Now it made more sense to me why he'd let us all think him dead, but it still hurt; why hadn't he simply spoken with me? Was I so untrustworthy to him? "We'll talk more tomorrow, Theron." No, he trusted me -- it had to have been fear that had driven him to run from his established life. "Know that I want this as much as you do."

In my life, I'd been with men before. I still love the company of women, for nothing can compare with their softness, but there is something particularly about men that draw me to them. Theron was one such man who drew me in to him. I wondered, as I helped him onto the bed, and averted my gaze as he dug for his syringe in a teak-wood box atop the dresser beside the bed. Best to turn a blind eye to it, and clear up the tea that we hadn't touched.

I left his bedroom and re-entered the main room, putting all of the things for tea back upon the tray, except for my own cup, which I drank a few slow sips from, letting that hot liquid seep into my pores. It gave me a chance to process things a little more. What I had before me was a wondrous chance; the possibility of the deep friendship and understanding I shared with Theron to become something more.

We'd first been introduced to each-other by a mutual friend, and I'd been put off by his disdain, but somehow... we ended up trapped together, talking, and his trust in me developed. Emotionally, Theron has always been stunted; his parents were cold and uncaring toward he and his brother Trowa. Both of them have struggled to find someone they can depend on, someone who won't pass them on when they're inconvenient.

There was a knock upon the door as I stood there, finishing my tea, and I let Mrs Unne into the room. She had a smile on her face, still overjoyed by Theron's return. It was as if he'd stepped back into life, picking right up where he'd been three years ago, and nothing had changed at all.

"Will you be staying the night, Mr. Marquise?"

"Mmh, Yes, Mrs. Unne. Theron's already retired for the evening, and I believe I will follow," I told her, already stripping off my jacket and laying it casually over the back of the chair I liked to think of as 'mine'.

"I'll ring the bell for breakfast in the morning, then. It's so good for there to be *things* going on in the house again."

"I've missed it, too, Mrs. Unne -- Good-evening." A gentle smile was cast towards her as she left the room, closing the door behind her.

I puttered around the parlour for a moment more, admiring the wax dummy of Theron that had taken Dorothy's bullet, before I gathered my wits about me and re-opened the door to his bedroom. No sign of him, but the connecting bathroom door was open, and I could see his shadow moving about n there, the occasional splash of water from the sink making itself known.

He likes to do shaving when he can, and it was an opportunity given; given to me, also, as I take the chance to unbutton my cuffs, and take off my vest. He wanted that kiss, wanted me, but would it be enough to tempt my friend, the bachelor that I was willing to bet money was also a complete virgin...? Not a clue was given to me.
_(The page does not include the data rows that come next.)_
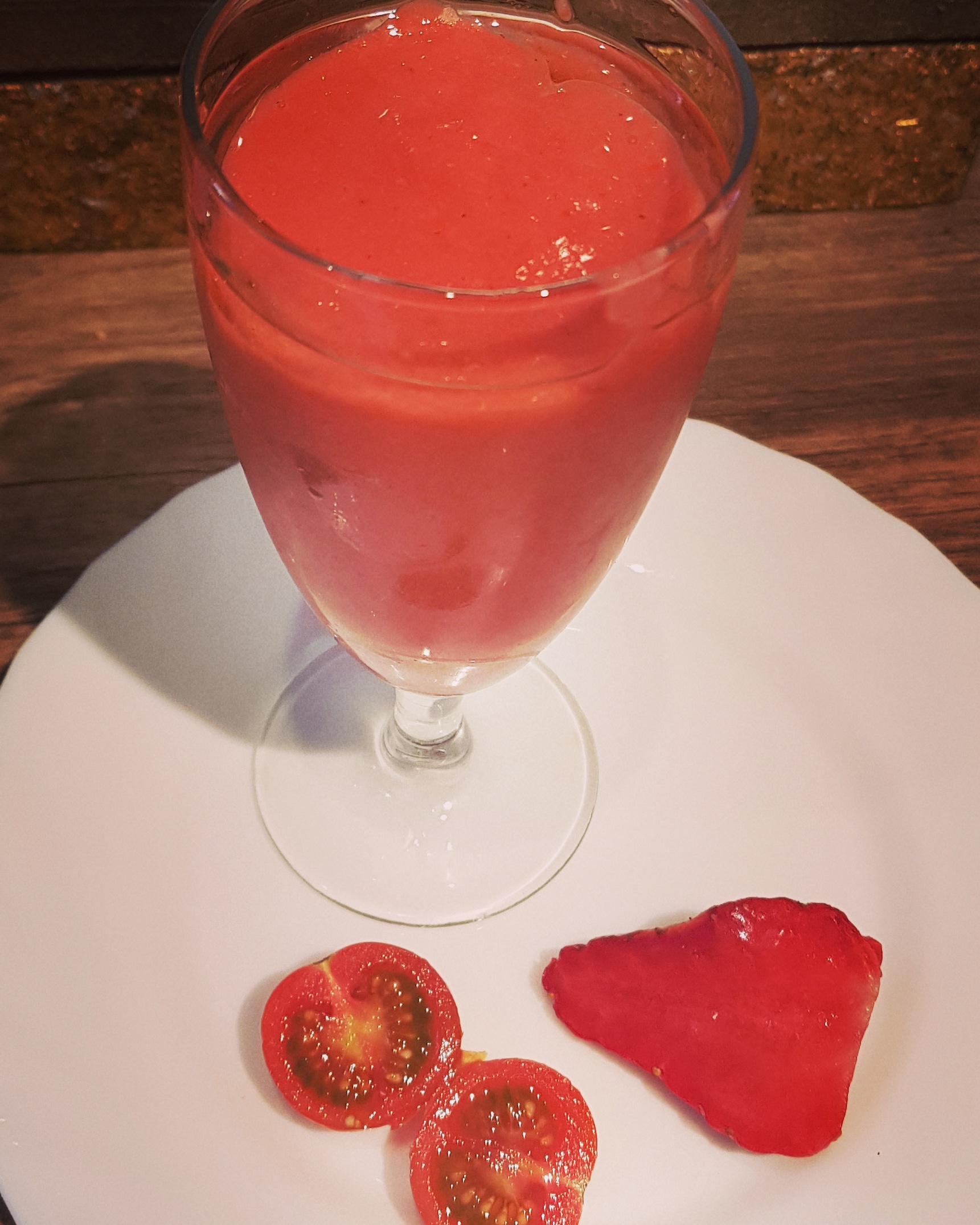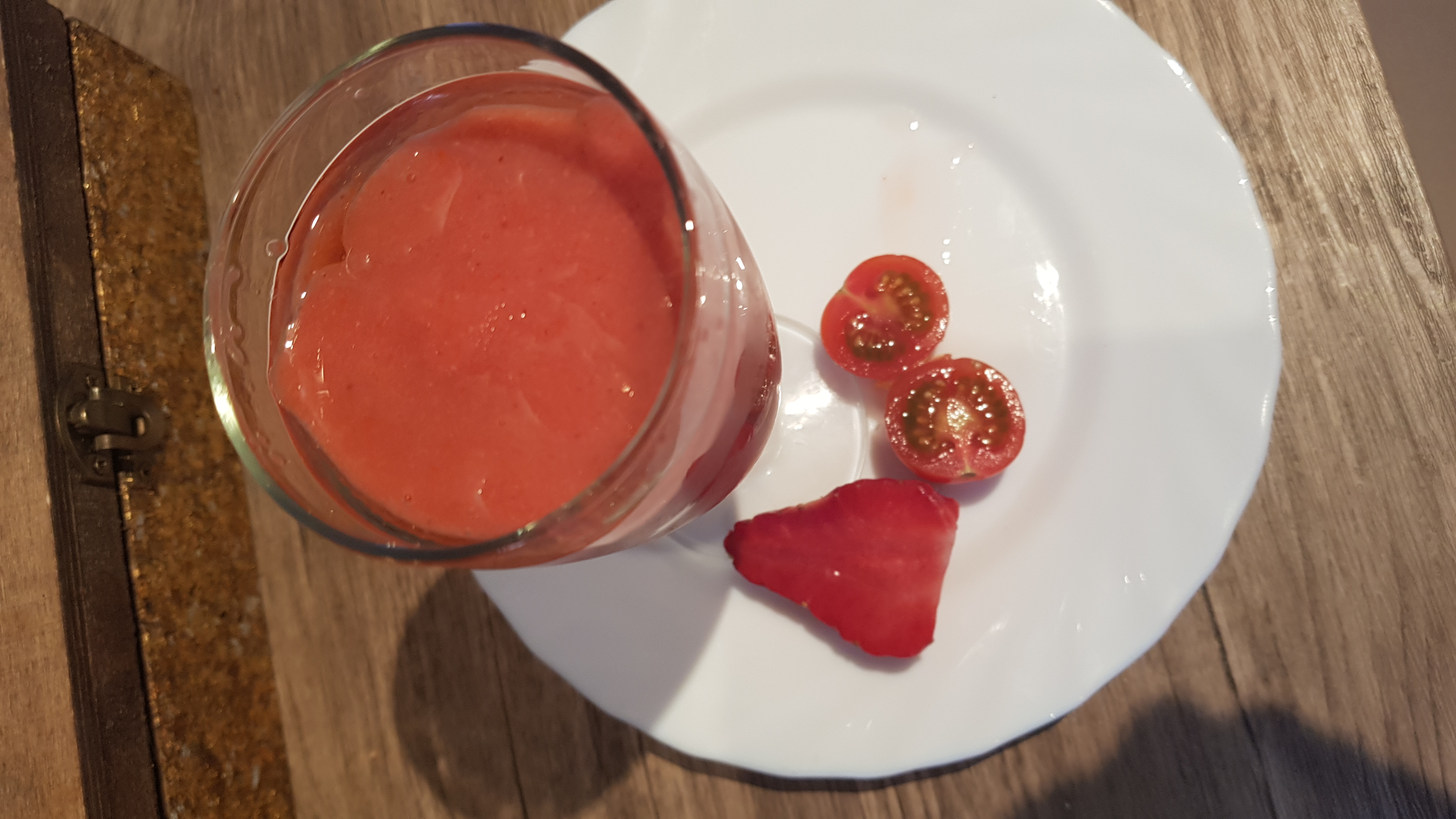 *Ingredientes: 200 gr de fresas limpias y sin tallos, 200 gr de tomatitos cherry, 50 gr de miga de pan, de 50 a 75 gr de agua, 1 ajo , 15 gramos de vinagre de manzana o 10 gr de vinagre de jerez ,una cucharadita de sal y un chorreon de aceite de oliva para enderezar.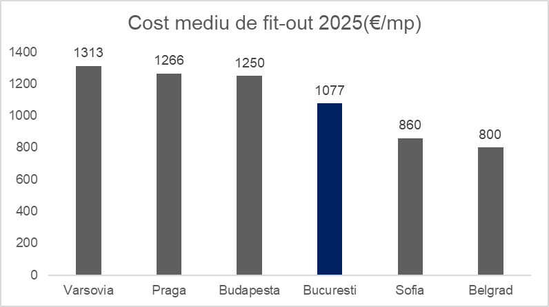 Un proiect de fit-out complet (incluzând lucrări pentru absolut toate specialitățile, IT, BMS, mobilier, echipamente audio-video, servicii profesionale și cheltuieli neprevăzute) se bugetează, în medie, la 1.077 euro/mp în București, ceea ce menține Capitala printre cele mai atractive opțiuni din regiune pentru companiile care deschid, consolidează sau relochează birouri.
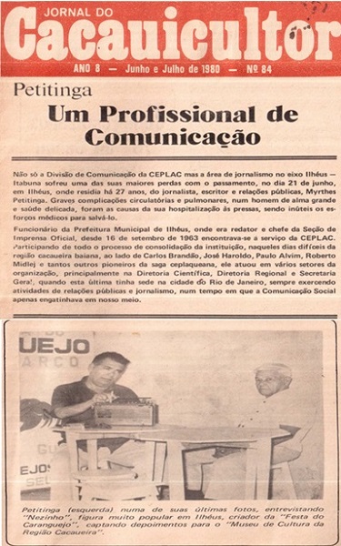 JOSÉ LEITE conheceu o grande jornalista, o saudoso MYRTES PETITINGA e o saudoso NEZINHO, organizador de uma das tradicionais Festas de ILHÉUS. AGORA SÓ RESTAM SAUDADES. Matéria publicada no JORNAL DO CACAUICULTOR edição de junho de 1980. Clique na foto para ampliar.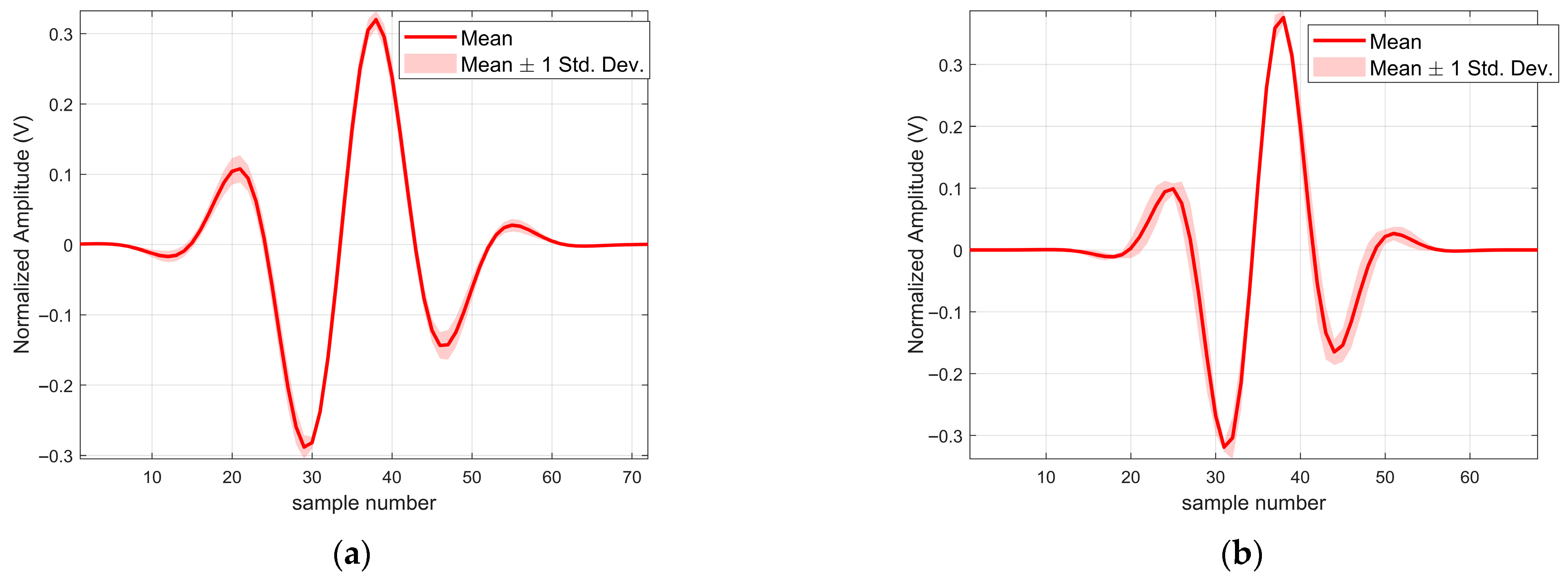 Figure 10a,b) demonstrate a high degree of consistency, clustering closely around their respective clear average waveforms (solid red lines). Moreover, a comparison of the average waveforms for the two ground types reveals a strong similarity in both waveform structure and envelope morphology (see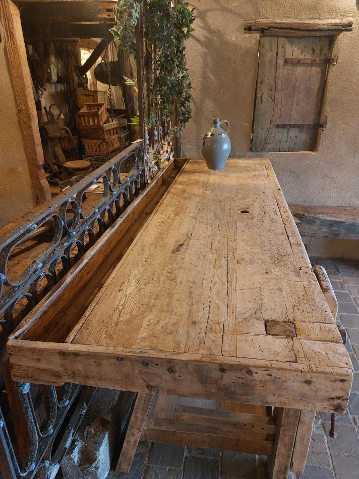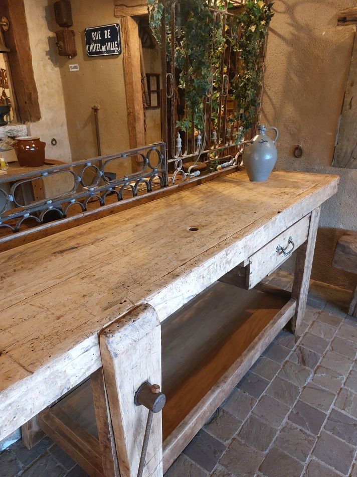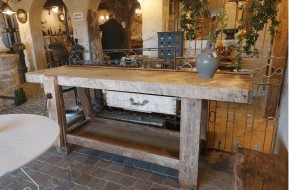 Nr. 435a Dit zijn nieuwe foto's van een werkbank die al in de winkel stond. De foto's daarvan op de website, waren niet echt denderend, vandaar deze nieuwe foto's. Deze grote werkbank heeft een mooi doorleefd blad en een onderblad. Hij is 215 cm lang, 50 cm breed en 80 cm hoog. Hij kost € 750,-. Voor informatie over onze winkel, klik je hier.
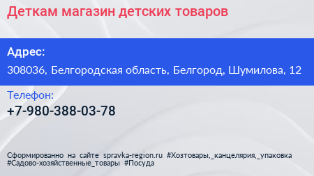 Деткам, магазин детских товаров по адресу 308036, Белгородская область, Белгород, Шумилова, 12 в дальнейшем Организация, размещена в следующих категориях: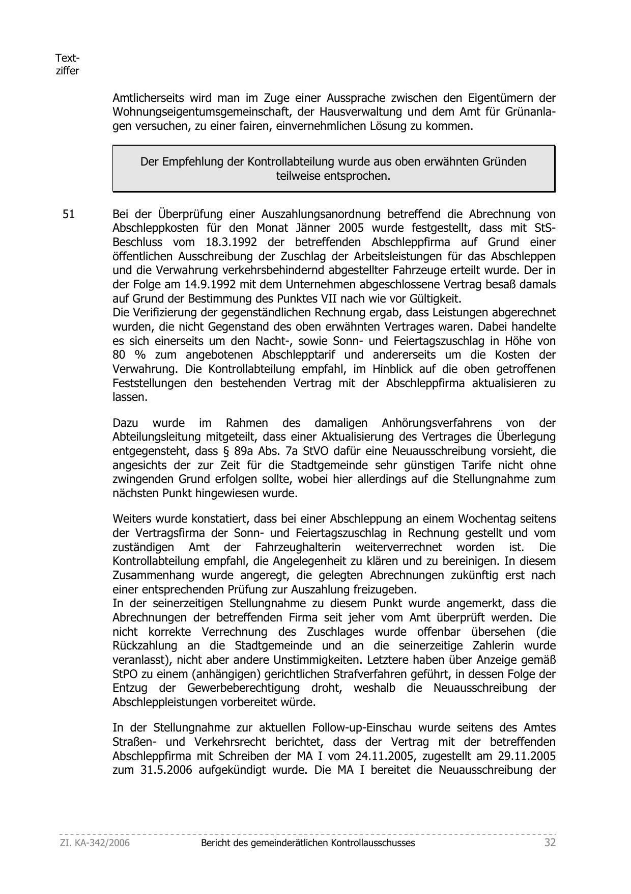 Abschleppkosten für den Monat Jänner 2005 wurde festgestellt, dass mit StSBeschluss vom 18.3.1992 der betreffenden Abschleppfirma auf Grund einer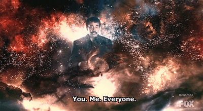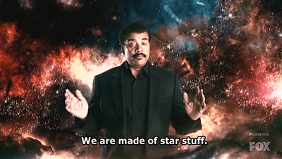 They get so hot that the nuclei of the atoms fuse together deep within them to make the oxygen we breathe. The carbon in our muscles, the calcium in our bones, the iron in our blood, all was cooked in the fiery hearts of long-vanished stars.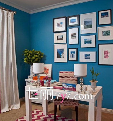 书房其实也是个休息的场所,结束外面一天的工作后,在这里看些修生养性的书籍,安慰不安份的情绪,用蓝色的背景墙以及条纹地毯的设计,瞬间让会恢复不少的活力,当然了也是家庭中不能缺少的一部分。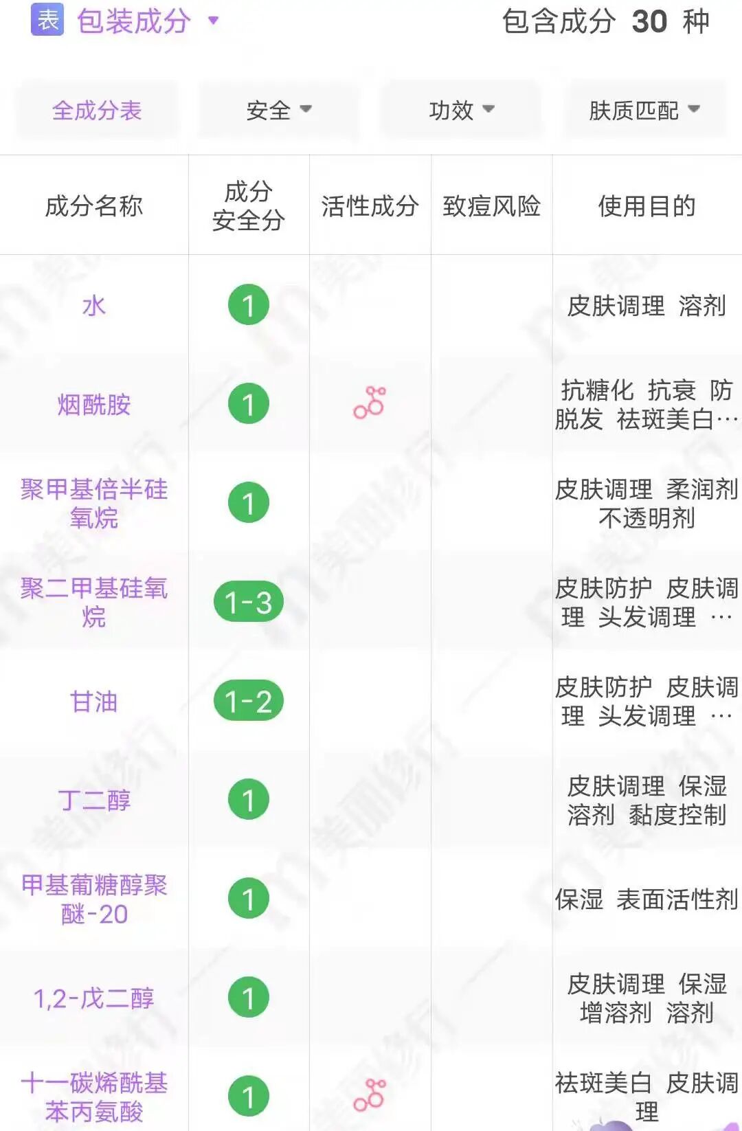 通过查阅成分表,你可以了解这款产品的真实功效,避开商家宣传的文字游戏,和“虚假宣传”say bye bye~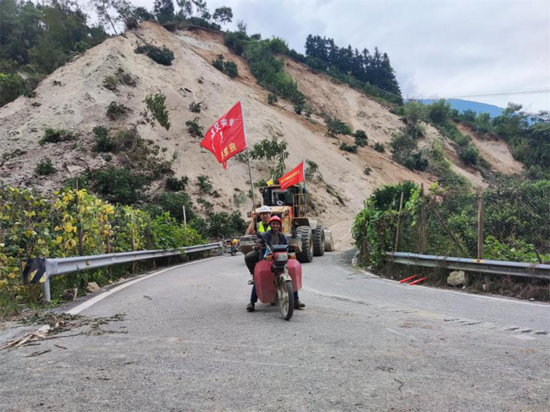 9月5日,項目經(jīng)理吳學林同志帶領突擊隊率先抵達G108線菩薩崗。一次次余震攔不住他們的腳步,一聲聲哀嚎更堅定了他們逆行的決心。在通訊受阻的情況下,緊急調配2臺挖掘機、1臺推土機自G108線又轉戰(zhàn)新民鄉(xiāng),在受災嚴重的X067縣道開展道路搶通以及救援工作。在搶險一線,飛石及塌方的風險時刻危及著救災人員的自身安全!耙欢ㄒ嘤^察!首先要保證自己的安全才能更好地完成搶險工作!”項目經(jīng)理吳學林同志、項目工程部副部長李健同志在轟鳴的搶險現(xiàn)場喊破嗓子指揮著各類機具搶險作業(yè)。待通訊恢復后,吳學林同志一邊組織現(xiàn)場搶險,一邊實時逐級上報受災和搶險情況,與第一時間趕來的集團公司和路橋公司現(xiàn)場指揮組,會商道路受阻情況,研究布置搶險保通工作。緊接著,石棉項目部搶險人員來不及片刻休息,馬不停蹄地投入到一處處塌方、受阻道路搶通中。

Looking up from sitting on the edge of the bed, where I was sitting to take off my shoes, I found Theron standing in the door-way, looking at me. His normally cool, reserved expression was tender, almost hopeful, though his eyes held a disturbing light that told me he had fed his habit when I left the room. I had only seen such a purely caring look in his face before when he was trying to protect me in the line of a case -- and then it was fleeting, a look seen from the corners of my eyes. Now it was intense, concentrated on me as he moved forward.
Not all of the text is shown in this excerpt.